I was just looking at some papers from the SANCL-2012 workshop on web parsing from June this year, which are very interesting to those of us who wish we had good parsers for non-newspaper text. The shared task focus was on domain adaptation from a setting of lots of Wall Street Journal annotated data and very little in-domain training data. (Previous discussion here; see Ryan McDonald’s detailed comment.) Here are some graphs of the results (last page in the Petrov & McDonald overview).
I was most interested in whether parsing accuracy on the WSJ correlates to accuracy on web text. Fortunately, it does. They evaluated all systems on four evaluation sets: (1) Text from a question/answer site, (2) newsgroups, (3) reviews, and (4) Wall Street Journal PTB. Here is a graph across system entries, with the x-axis being the labeled dependency parsing accuracy on WSJPTB, and the y-axis the average accuracy on the three web evaluation sets. Note the axis scales are different: web accuracies are much worse than WSJ.

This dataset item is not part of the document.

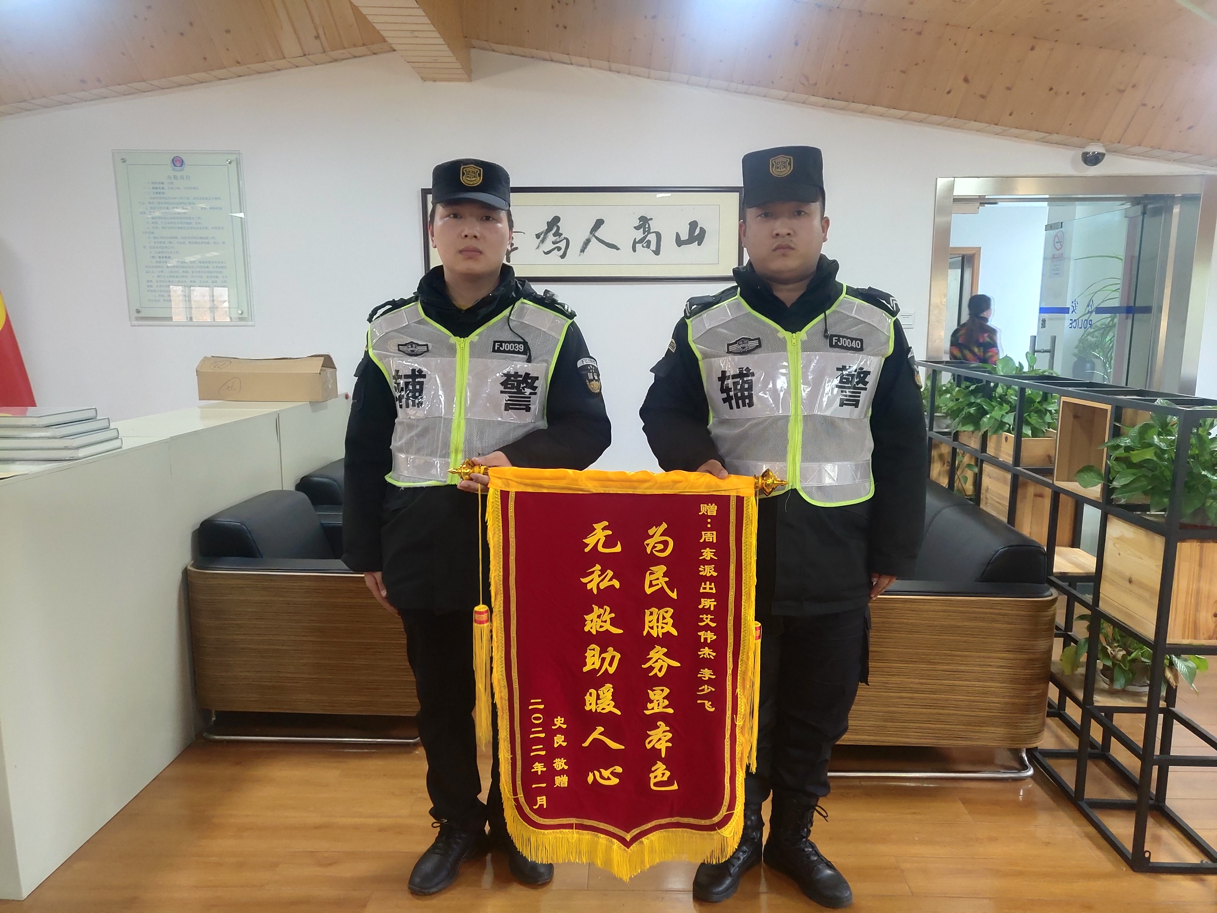 1月12日,宗保公司驻周东辅警项目队员艾伟杰和李少飞收到一面绣有“为民服务显本色 无私救助暖人心”的锦旗。

There are two types of systems here: direct dependency parsers, and constituent parsers whose output is converted to dependencies then evaluated. There’s an interesting argument in the overview paper that the latter type seems to perform better out-of-domain, perhaps because they learn more about latent characteristics of English grammatical structure that transfer between domains. To check this, I grouped on this factor: blue triangles are constituents-then-convert parsers, and the red circles are direct dependency parsers. (Boxes are the two non-domain-adapted baselines.) The relationship between WSJ versus web accuracy can be checked with linear regression on the subgroups. The constituent parsers are higher up on the graph; so indeed, the constituent parsers have higher web accuracy relative to their WSJ accuracy compared to the direct dependency parsers. A difference in the slopes might also be interesting, but the difference between them is mostly driven by a single direct-dependency outlier (top left, “DCU-Paris13″); excluding that, the slopes are quite similar. Actually, this example probably shouldn’t count as a direct-dependency system, because it’s actually an ensemble including constituency conversion as a component (if it is “DCU-Paris13-Dep” here). In any case, lines with and without it are both shown.

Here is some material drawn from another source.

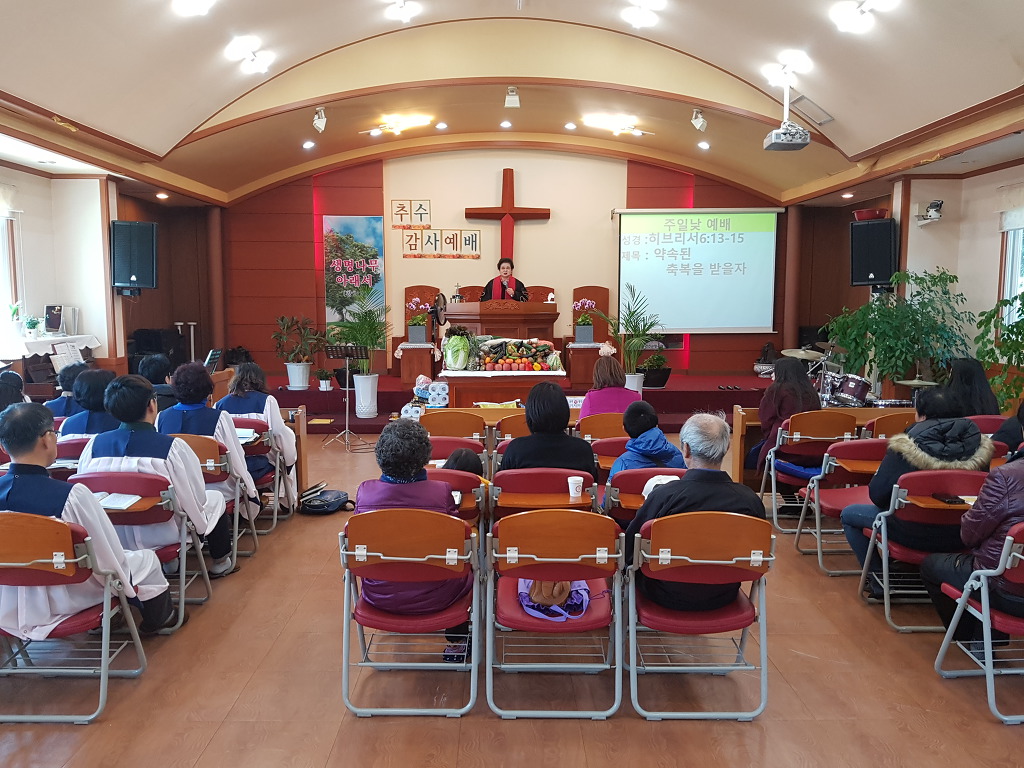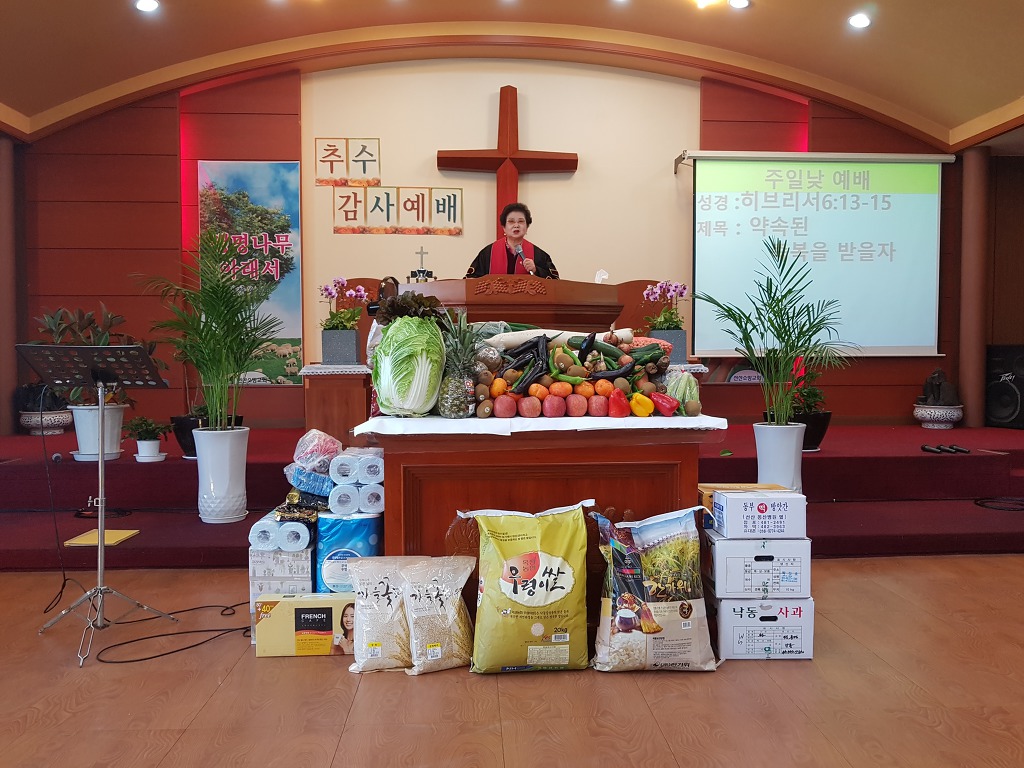 - 올해 추수감사주일에는 "약속된 축복을 받을 자" 라는 제목으로 목사님께서 말씀을 선포해주셨습니다.

Since the slopes are similar, we shouldn’t need varying-slopes hierarchical regression to analyze the differences, so just throw it all in to one regression (webacc ~ wsjacc + ConstitIndicator); so constituent parsers get an absolute 1.6% better out-of-domain accuracy compared to dependency parsers with the same WSJ parsing accuracy. (This is excluding DCU-Paris13.) It’s not clear if this is due to better grammar learning, or if it’s due to an issue with SD giving bad conversions on web text.
To see the individual systems’ names, here are both sets of numbers. These include all systems; for the scatterplot above I excluded the ones that performed worse than the non-domain-adapted baselines. (Looking at those papers, they seemed to be less elaborately engineering-heavy efforts; for example, the very interesting Pitler paper focuses on issues in how the representation handles conjunctions.)
CI’s can’t be seen on those skinny graphs, but they’re there; computed via binomial normal approximations using the number of tokens (i.e. assuming correctness is independent at the token level — though probably it should have sentence-level or doc-level grouping, of course, so they’re tighter than they should be.)
Finally, this is less useful, but here’s the scatterplot matrix of all four evaluation sets (excluding worse-than-baseline systems again).
“I was most interested in whether parsing accuracy on the WSJ correlates to accuracy on web text. Fortunately, it does.” I don’t know if the correlation is significant or not, but note that even if it is, that does not mean we can just go ahead and optimize our parsers on WSJ. When we look at comparable systems, e.g., HIT-Baseline and HIT-System, we typically see that the in-domain performance of the adapted system drops a little. So while there may be a correlation between how good and bad parsers perform across domains, there is typically no correlation between in- and out-domain performance when we finetune parameters within a system.